Diabetes Mellitus:- Part 5 – Glucose in Urine (Glucosuria), Glycosuria, Benedict’s solution
Glucose in Urine (Glucosuria)
What sample of Glucose in Urine (Glucosuria) is needed?
- The test sample is urine.
- The best sample after 2 to 3 hours of the meal.
What are the Indications for Glucose in Urine (Glucosuria)?
- To diagnose diabetes mellitus.
- To monitor diabetes mellitus.
- To evaluate the effectiveness of the therapy.
- To diagnose gestational diabetes.
- It is part of a routine urine examination.
What are the precautions for Glucose in Urine (Glucosuria)?

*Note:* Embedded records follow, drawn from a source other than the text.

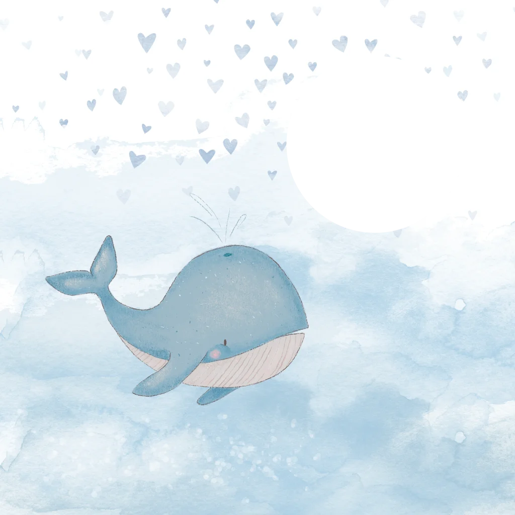 Lief geboortekaartje met watercolour, walvis, hartjes en doorkijkje
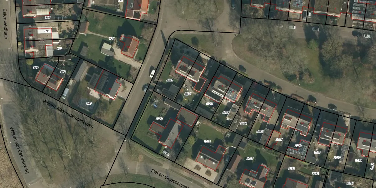 Gebruik de zoekbalk of klik op een perceel om informatie over het perceel te bekijken.
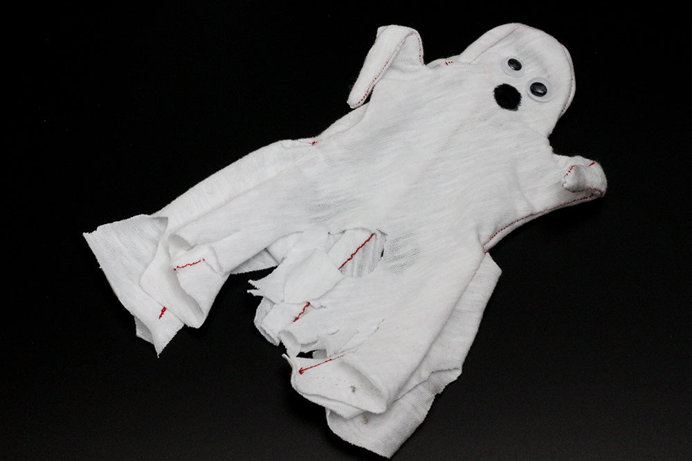 Lastly, cover with a costume! I made a tailored ghost-sheet-costume on a sewing machine, then added googly eyes and a marker pen mouth.
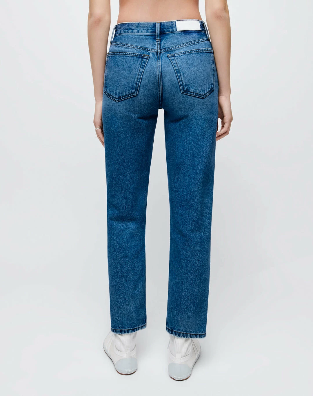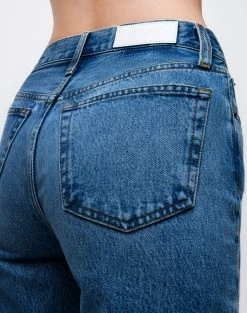 The RE/DONE 70s Mid Rise Stove Pipe in Royal Fade is a version of the classic 70s-inspired straight leg jean with cropped inseam. With a whiskered medium indigo wash in extra stretch denim, a classic zipper fly, and a finished hem.
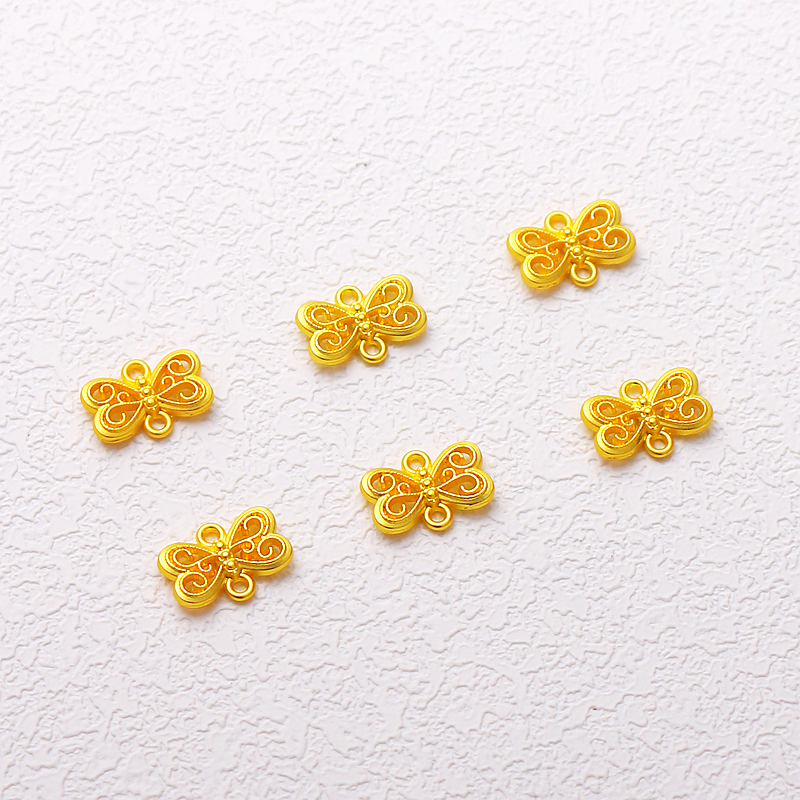 18K包金保色双吊蝴蝶吊坠平安双吊挂件项链吊饰材料diy饰品配件
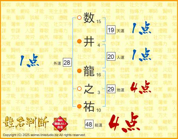 数井龍之祐さんの総運は48画の4点!
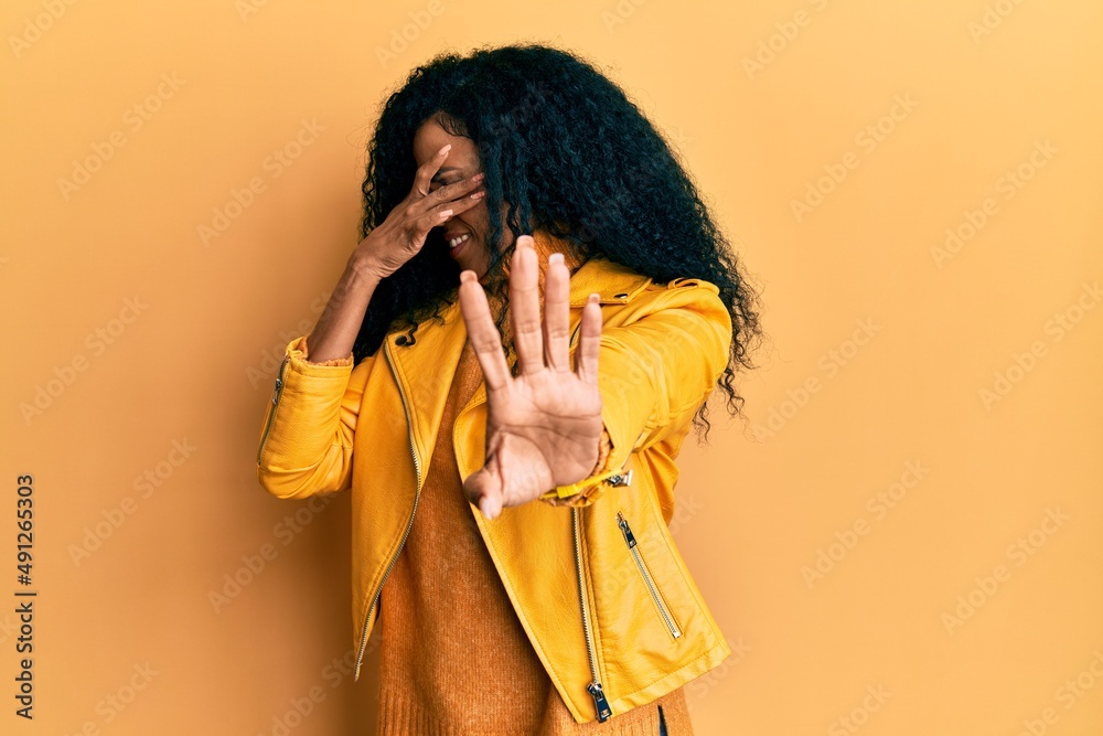 Obraz na plátně Middle age african american woman wearing wool winter sweater and leather jacket covering eyes with hands and doing stop gesture with sad and fear expression
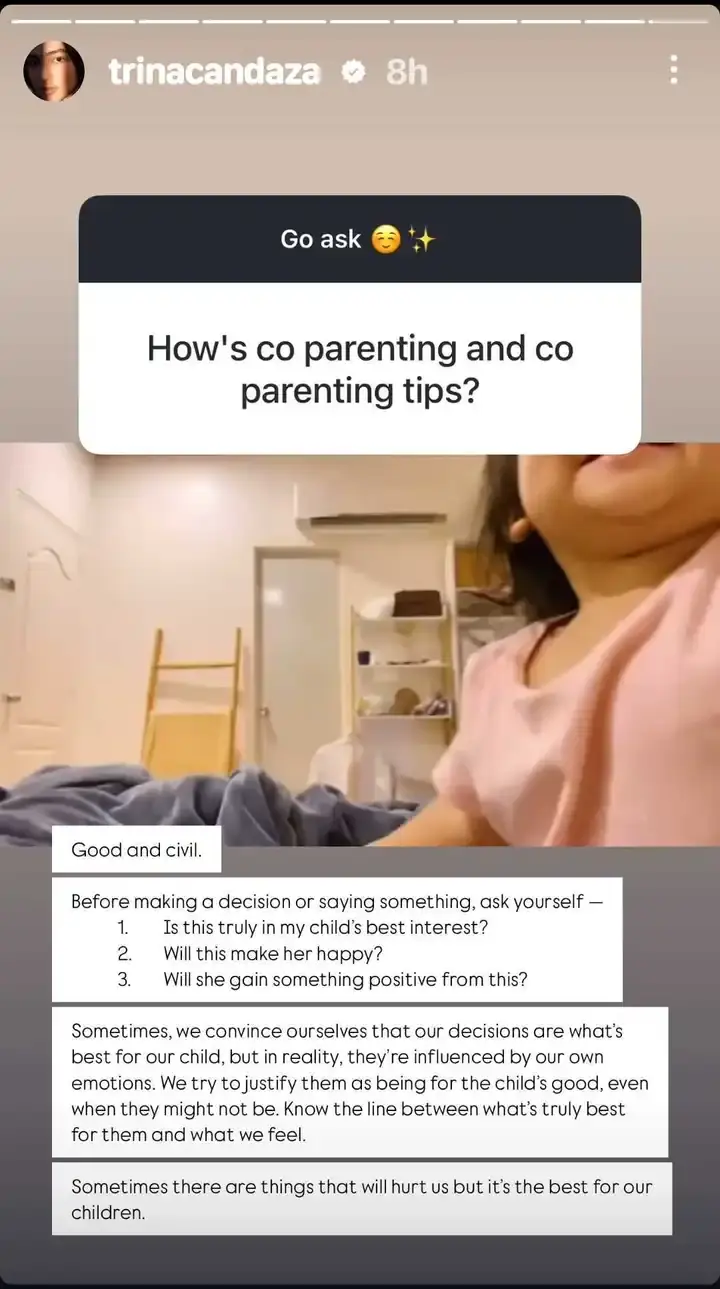 Trina Candaza, model, content creator, and hands-on mom, recently opened up about her co-parenting setup with her ex-partner, actor Carlo Aquino, during a Q&A session with her followers on Instagram. One of the questions she received from a netizen asked her about the dynamics of their co-parenting arrangement and any tips she might have for other parents facing similar situations.
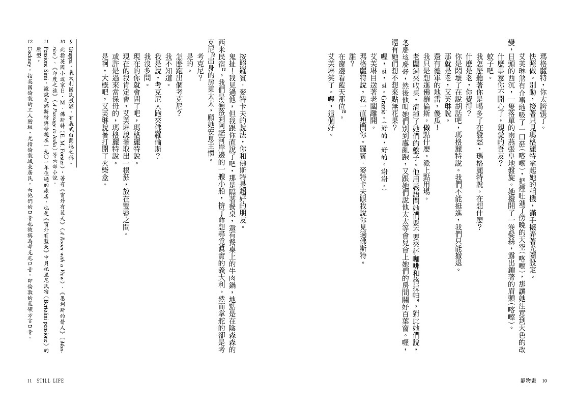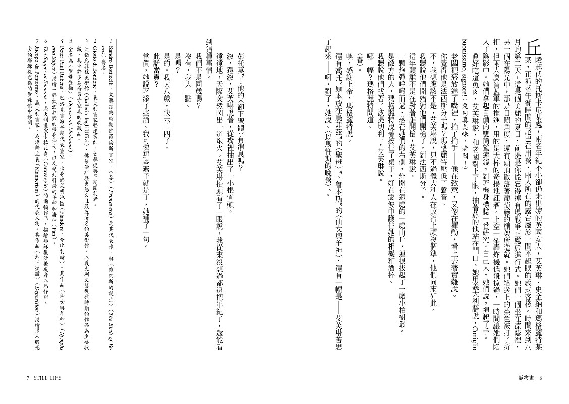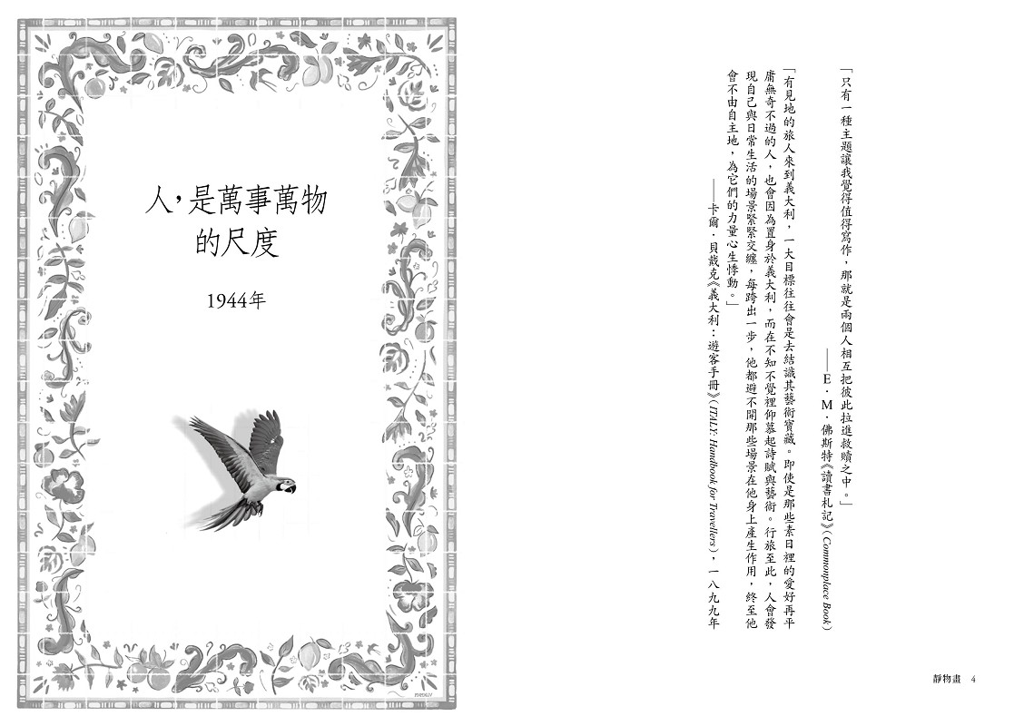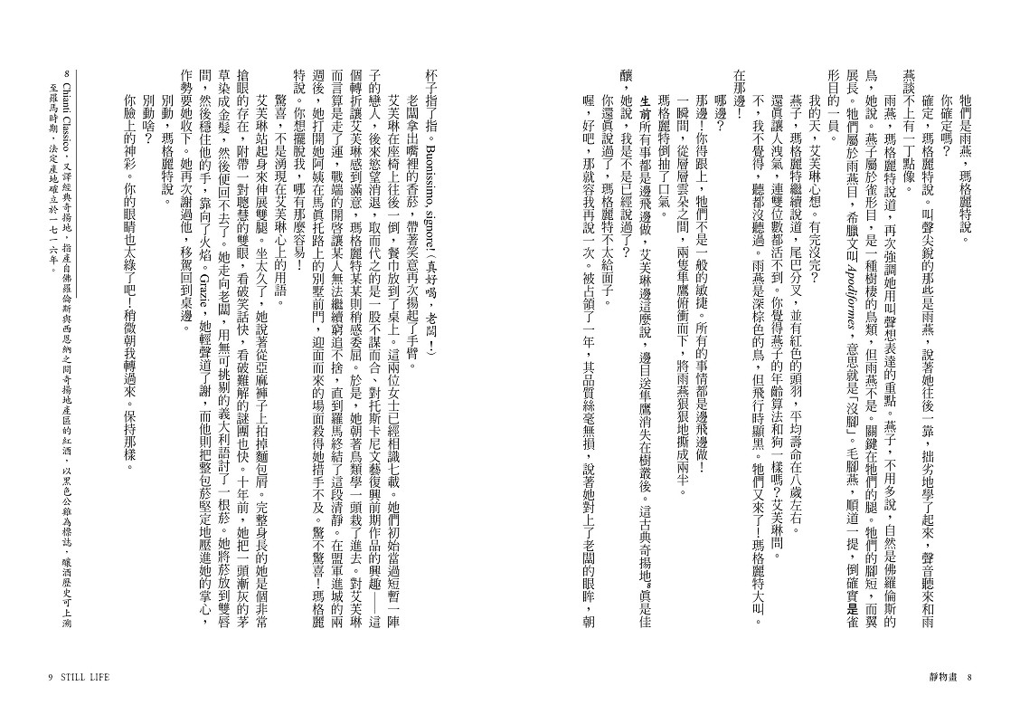 艾芙琳在座椅上往後一倒,餐巾放到了桌上。這兩位女士已經相識七載。她們初始當過短暫一陣子的戀人,後來慾望消退,取而代之的是一股不謀而合、對托斯卡尼文藝復興前期作品的興趣──這個轉折讓艾芙琳感到滿意,瑪格麗特某某則稍感委屈。於是,她朝著鳥類學一頭栽了進去。對艾芙琳而言算是走了運,戰端的開啟讓某人無法繼續窮追不捨,直到羅馬終結了這段清靜。在盟軍進城的兩週後,她打開她阿姨在馬真托路上的別墅前門,迎面而來的場面殺得她措手不及。驚不驚喜!瑪格麗特說。你想擺脫我,哪有那麼容易!

- Can see false-positive tests when any substance present in the urine can reduce the copper in the clinitest strips.
- Can see the false positive tests in the presence of other sugars like galactose, fructose, and lactose.
- Drugs giving false positive tests are acetylsalicylic acid, Ascorbic acid, cephalothin, chloral hydrate, streptomycin, sulphonamides, and aminosalicylic acid.
- Contamination from the oxidizing agents or bleach.
- Improper storage of the urine strips.
- Drugs giving false-negative results are levodopa, phenazopyridine, and ascorbic acid with clinitest strips.
- Multistix detects ≥50 mg/dL; if the amount is less, it will be negative.
- Sodium fluoride causes enzyme inhibition.
- Refrigerated specimens give decreased enzyme activity.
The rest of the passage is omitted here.